Irrigation plays an important role in endodontic treatment. Irrigants are used mainly during shaping and cleaning of the root canal system so as to facilitate the removal of microorganisms, tissue debris, and dentinal chips from the root canal space during and after instrumentation through a flushing mechanism. The efficiency of an irrigant in removing the smear layer directly influences the bond of the sealer to root dentin as it may act as a barrier between the root canal wall and the filling material.[15],[16] After thorough irrigation, the sealer penetrates the dentinal tubules, which prevent the obturating material being used within the canal from being expelled.[15] Increased sealer penetration has been suggested as a mechanism that entombs any remaining bacteria preventing residual microorganisms from repopulating the canal space.[16] Therefore, for efficient removal of the smear layer and increase in bonding of sealers, chemical agents such as 17% ethylenediaminetetraacetic acid (EDTA), citric acid, mixture of a tetracycline isomer, an acid, and a detergent, and maleic acid (MA) have been used in the field of endodontics.[17],[18] In vitro studies have shown that 17% EDTA is a gold standard and widely used to remove the smear layer. 17% EDTA as a final irrigant has shown to increase the shear bond strength of AH Plus sealer to root canal dentin.[19]

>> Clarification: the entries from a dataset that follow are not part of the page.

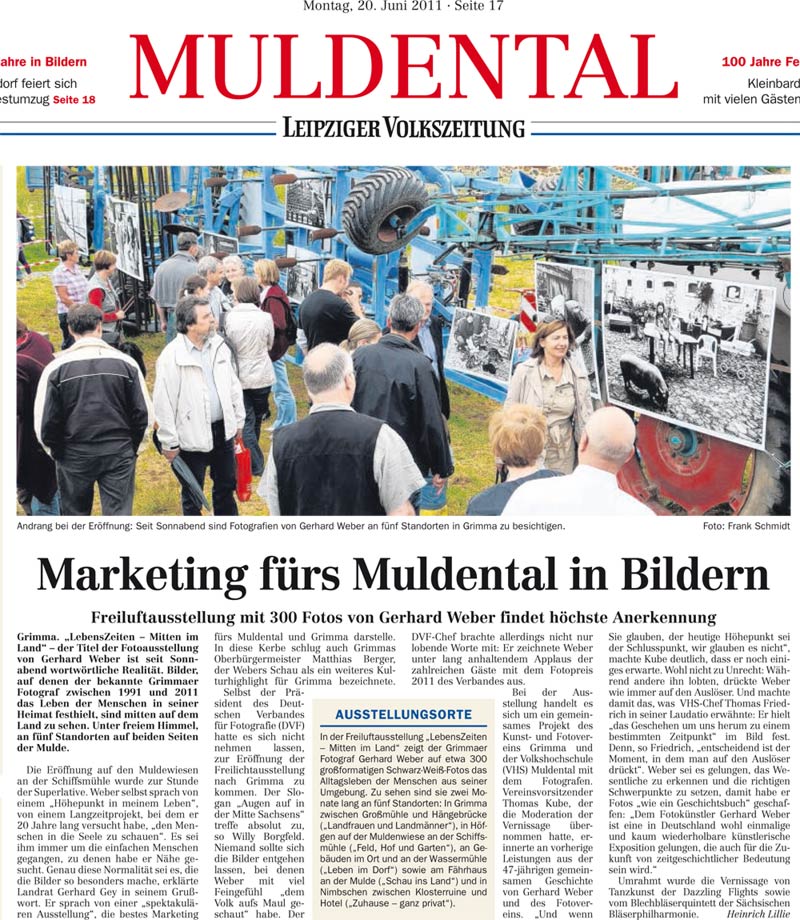 Hier auf den Muldewiesen wird die Ausstellung am Sonnabend, dem 18. Juni 2011 um 16 Uhr feierlich eröffnet. Die Volkshochschule Muldental, ein Partner der "Lebenszeiten"-Fotoausstellung, eröffnet damit zugleich ihr neues Semester. Die Volkshochschule, sagt Weber, werde auch Führungen durch die Ausstellung anbieten. Gruppen können sich freilich auch bei ihm anmelden, doch auch ohne Führung wolle der Fotograf sehr oft vor Ort sein. Trifft man ihn, dann lohnt es sich, Gerhard Weber anzusprechen, der zu fast jedem Bild auf Anhieb etwas erzählen kann.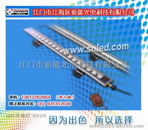 索能光电LED洗墙灯,LED大功率洗墙灯外壳采用铝合金灯体和整体模压加工工艺,确保了良好的散热效果,有效的减少了LED使用过程中的光衰。采用光学级PMMA高效透镜,光损小,照度好。独特的开关恒流源技术,确保了每颗LED稳定工作。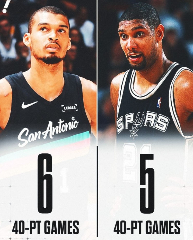 目前,文班亚马已经得到了40分,这是他马刺生涯第6次40+,超越邓肯的5次。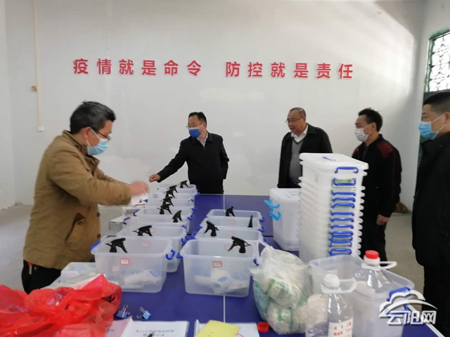 在实地查看了解了学校进出人员记录、学生教室、教师办公室、餐厅、图书室等场所后,镇领导就口罩物质、消毒液配备、校园安全防范设施、教学管理、校园特色文化建设、体育强身等方面进行了检查指导,强调共同携手同心抗“疫”,确保了学生生命安全和身心健康。并为水口小学、中学赠送一次性医用防疫消毒液300斤、酒精100斤、口罩3000个。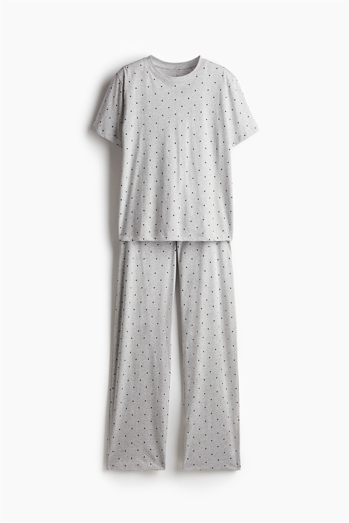 Пижама с верхом и низом из мягкого хлопкового джерси. Верхняя часть с круглым вырезом с ребристой отделкой и короткими рукавами. Нижние штанишки с эластичной резинкой на талии.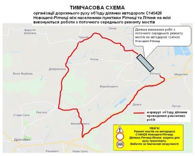 Йдеться про ремонт мостових переходів на трасі загального користування місцевого значення. Рух на ділянці між населеними пунктами с. Ріпчиці та с. Літиня перекриють 20 серпня. Об’їзд виконуватимуть згідно з розробленою тимчасовою схемою організації дорожнього руху.
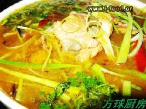 3.炒锅加猪油烧热,下葱、姜爆锅,下料酒、八角、味精、精盐、酸菜煸炒,再加鲜汤,下鲶鱼炖20分钟,淋香油,加胡椒粉即可。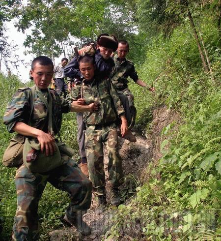 一大早,我們160人每人背著40公斤給養(yǎng)、物資、器材開始翻越這座大山。政委說,茶坪老百姓需要我們。在翻越一個(gè)峭壁時(shí),列兵侯軍腳下一滑摔倒了,旁邊就懸崖,慶幸的是,除背囊隨著山石滾下山崖,侯軍本人安全地爬了起來。九個(gè)小時(shí)后,我們終于到達(dá)茶坪鄉(xiāng)。茶坪鄉(xiāng)副鄉(xiāng)長(zhǎng)張平一見到我們,就撲通一聲跪在了參謀長(zhǎng)面前說:“人民子弟兵來了,茶坪就有希望了……”參謀長(zhǎng)一把將他扶起,兩個(gè)漢子都淚流滿面。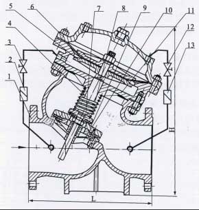 產(chǎn)品采取雙室驅(qū)動裝置、Y型結(jié)構(gòu)。介質(zhì)在定向運動中具有半直線水流,過流量大、壓力損失小、啟閉運行平穩(wěn)、不產(chǎn)生壓力波動等優(yōu)點。雙室驅(qū)動裝置可作為一個整體拆卸,便于檢查;膜片采用尼龍強化橡膠制成,使用壽命長;閥瓣密封件可拆卸,維修更方便。
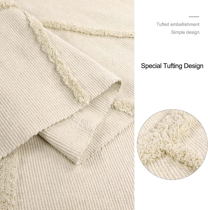 - 【Hand Woven Cotton Rug】: Handmade from cotton blend fabric, OJIA tufted area rug exudes high durability, resilience, comfort, and easy maintenance. Natural and skin-friendly, with no printing and dyeing, non-shedding, and safe for the human body and pets.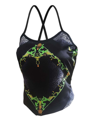 Realizzato in tessuto tecnico leggero e traspirante, offre comfort e vestibilità, senza rinunciare all’impatto visivo: la stampa a motivo diamantato ad alta definizione dona profondità, luce e un’estetica audace, perfetta per look decisi o sofisticati.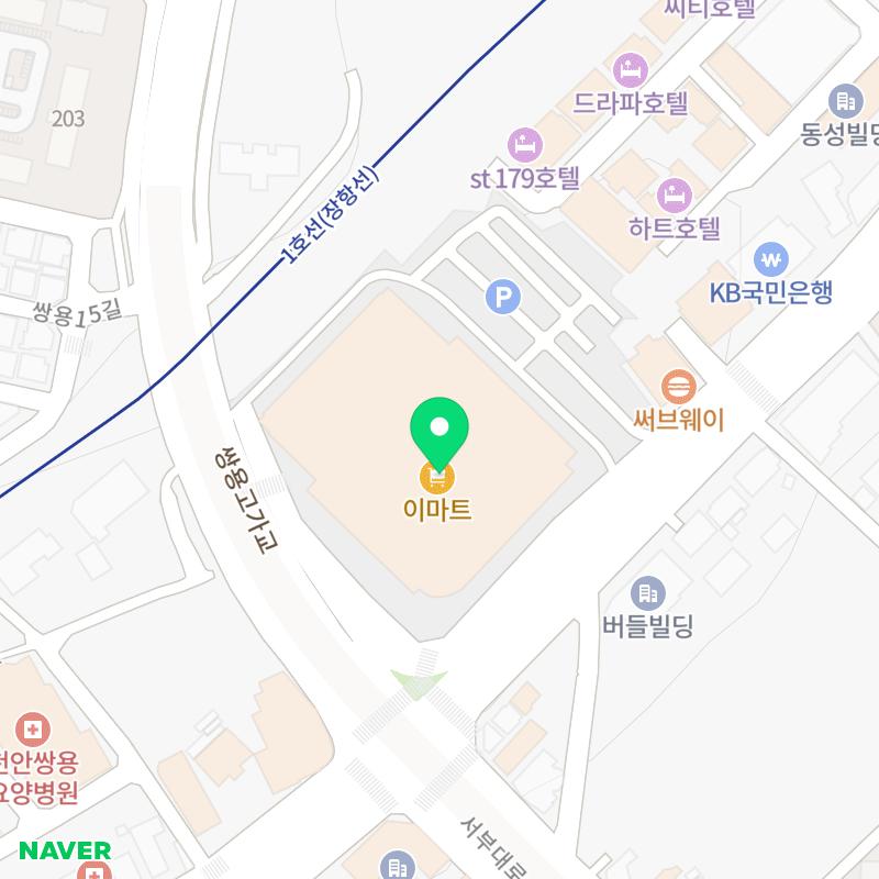 📍 주소: 충청남도 천안시 서북구 충무로 187 (쌍용동) 천안이마트 1층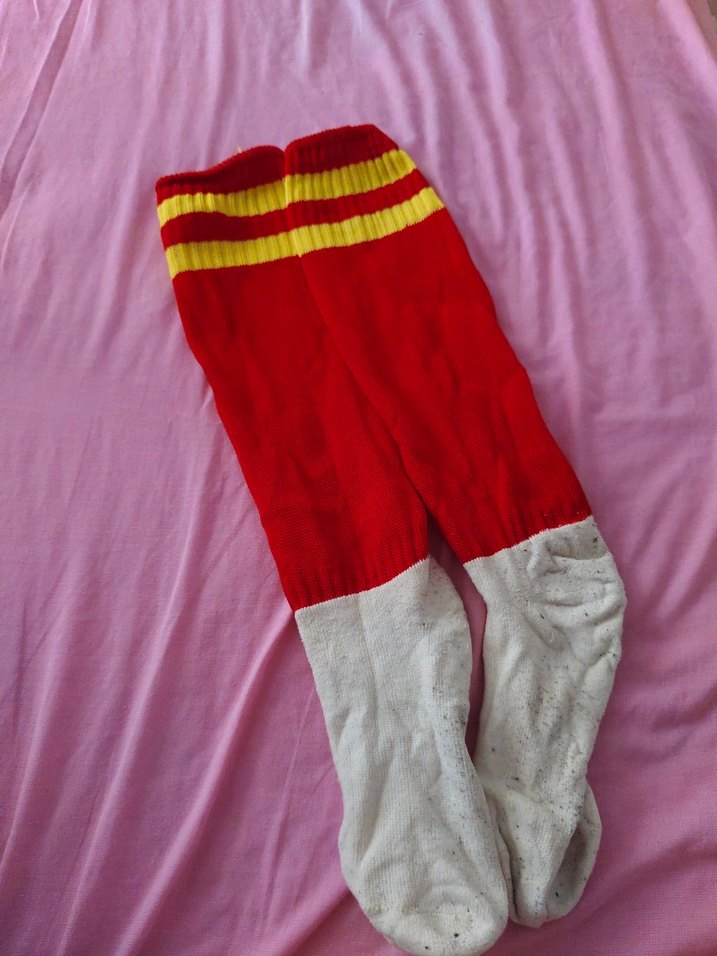 Erkek için kırmızı renkli, üst kısmında sarı çizgiler bulunan yumuşak dokulu çoraplar. Desensiz ve rahat kullanım sağlar. mavi olanı öylesine göndereceğim değerlendirme yapılabilir lastkte esneme var

Final irrigation using 7% MA has proven to be more effective than 17% EDTA in smear layer removal, especially from the apical third of the root canal system, which is an important part for disinfection.[20] It has also proven to be less cytotoxic when compared to 17% EDTA.[19] 7% MA also produces increased surface roughness in the walls of the root canal as compared to 17% EDTA. This rough surface produced plays a crucial role in micromechanical bonding of resin-based sealers.[21]

Till date, no studies have evaluated the effect of EDTA and MA irrigation on the shear bond strength of EpoSeal Plus sealer to root canal dentin. Hence, the aim of the present study was to evaluate the effect of 17% EDTA and 7% MA on the shear bond strength of EpoSeal Plus sealer to root canal dentin.


  Materials and Methods Top


Specimen preparation

After acquiring ethical clearance (IEC-719/2017) from the institutional ethical committee, 21 extracted single-rooted human central incisors were selected. The exclusion criteria included teeth with previous history of root canal treatment, curved roots, and open apices. The teeth were evaluated using dental operating microscope (×10) (ZEISS OPMI, Oberkochen, Germany) to ensure that they were free of any fracture and cracks.[22] The soft-tissue debris on the surfaces of the roots was cleaned using scaling instruments, and the specimens were stored in 0.9% saline containing 0.2% sodium azide (Millipore Sigma, St. Louis, MO, USA) at 4°C until use. The acquired teeth samples were then decoronated at the cementoenamel junction to standardize the root length to 15 mm with high-speed diamond disc (Horico Dental, Berlin, Germany) using water as a coolant. The roots were then divided into a test group (n = 15) and a control group (n = 6). In the test group, each of the 15 roots was longitudinally split into two halves to obtain 30 halves. Sections of the same root were used for the comparative evaluation of shear bond strength for the two different test groups. The roots in the control group were also longitudinally split into 12 halves. Later, each half of the root in the test and control groups were further split into three sections, coronal third, middle third, and apical third with longitudinal dimension of 5 mm each. Each sample was then embedded in dental stone blocks. By abrading the surface of each sample using a 400-grit silicon carbide paper for 20 s, a smear layer was created over it. Specimens were then treated in the following manner.

Irrigation regimen

Group 1 (control): The coronal (n = 12), middle (n = 12), and apical thirds (n = 12) were irrigated with 5 mL of 2.5% sodium hypochlorite (NaOCl) for 1 min, followed by 0.9% saline (5 mL for 1 min). Later, each specimen was irrigated with 5 mL of distilled water for 1 min.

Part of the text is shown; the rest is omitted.